Al caminar por las calles intento camuflarme entre la multitud, aunque mis ojos no pueden dejar de detallar cada cuerpo, cada movimiento; analizo mi reflejo en cada superficie que lo proyecta, pero, ¿no soy yo más que una simple cintura? Un par de niños desvían mi atención y generan en mí el anhelo de ser aquella inocente criatura que aún no ha aprendido a juzgarse, no todavía. Recuerdos de mi infancia vuelven a mi memoria, pasan por mi cabeza como imágenes borrosas que desean ser entendidas; era tan solo una niña que a duras penas comprendía la vida. Quería ser como mi madre, crecer y dejar ese diminuto cuerpo, caminar sola por las calles y admirar mi belleza en cada parte; ¿Por qué nadie me lo había advertido? Nunca se me había mencionado la tortura de crecer, o más bien, el prototipo en el que me debía convertir. Pero ahora, ahora extrañaba correr sin pensar si me miraban, ensuciarme la cara con barro, preguntar sin vacilar, pasar horas y horas de mi existencia pensando en qué jugar, a qué mundo viajar y qué fantasía contemplar. Por fin me doy cuenta del significado de “son cosas de adultos”; palabras que se repetían constantemente y que injustamente frustraban mi indagar. Me estaban “protegiendo” de aquella realidad impuesta por ellos mismos.
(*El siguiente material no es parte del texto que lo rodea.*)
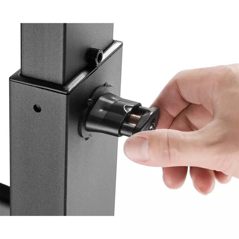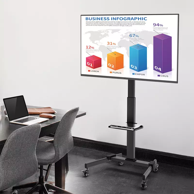 A compact, mobile TV trolley with quick-release height adjustable fixing bracket to support most screens from 32″-55″. The toolless tiltable VESA plate can be adjusted up and down 10° to position the screen for optimal viewing experience. Four lockable safety casters make the trolley easy to move and protect the floor from scratches and scuffs while moving or stopping. A height adjustable equipment shelf provides extra storage for small devices and an integrated cable management system helps to create a clean appearance.
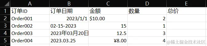 例如我们有一些日期数据,或者货币数据,在数据采集时数据格式不同,我们需要分别统一订单日期,金额的格式。

Me detengo en una esquina teniendo la ilusión de calmar mi incontrolable agonía, pero son sus miradas las que siento encima. Se clavan en mí como filosas lanzas, empiezan por mis pies, pero se quedan detallando mis piernas, mi cadera y, por ende, mi trasero. Intento cubrirme, caminar aún más rápido, ignorar sus incómodos comentarios, pero por fin llegan a mi rostro; evito el contacto con sus ojos, pues el miedo crece y se apodera de mi pecho. Uno de ellos me detiene, comienza a hacer gestos que me avergüenzan, me pregunta ¿por qué tan calladita? Ningún sonido sale de mi boca, pero ¿será que estoy siendo irrespetuosa? No es la primera vez que este dilema aparece, pero tampoco la primera vez que he podido enfrentarlo; rápidamente fijo mi mirada al suelo y dejo que sus silbidos vayan quedando en el viento. Es incoherente ¿no? Tanto odio tengo hacia mi cuerpo, pero al mismo tiempo se convierte en un objeto de deseo.
El resto del camino me acompañan las leves gotas de lluvia que comienzan a caer. Sin darme cuenta ya estaba ante la entrada de mi casa; me esperaba, una vez más, la soledad que tanto me aterra. Entro a mi habitación, cierro suavemente la puerta, me paro frente al espejo, como usualmente lo hago, pero ya no soy capaz de soportar el peso de mi cuerpo, así que caigo de rodillas en el suelo. Al final, salen las lágrimas que tanto intenté retener; sí, soy débil, sí, soy sensible, y aunque en mi hay orgullo, cada segundo se vuelve más grande esa idea irracional de que lo que soy nunca será suficiente. Aquel pensamiento intruso, que en un comienzo me consumía, se implanta en mi mente, así que hago lo que me dice, vuelvo a medir mis manos y mis piernas, ¿será que ya son la medida correcta?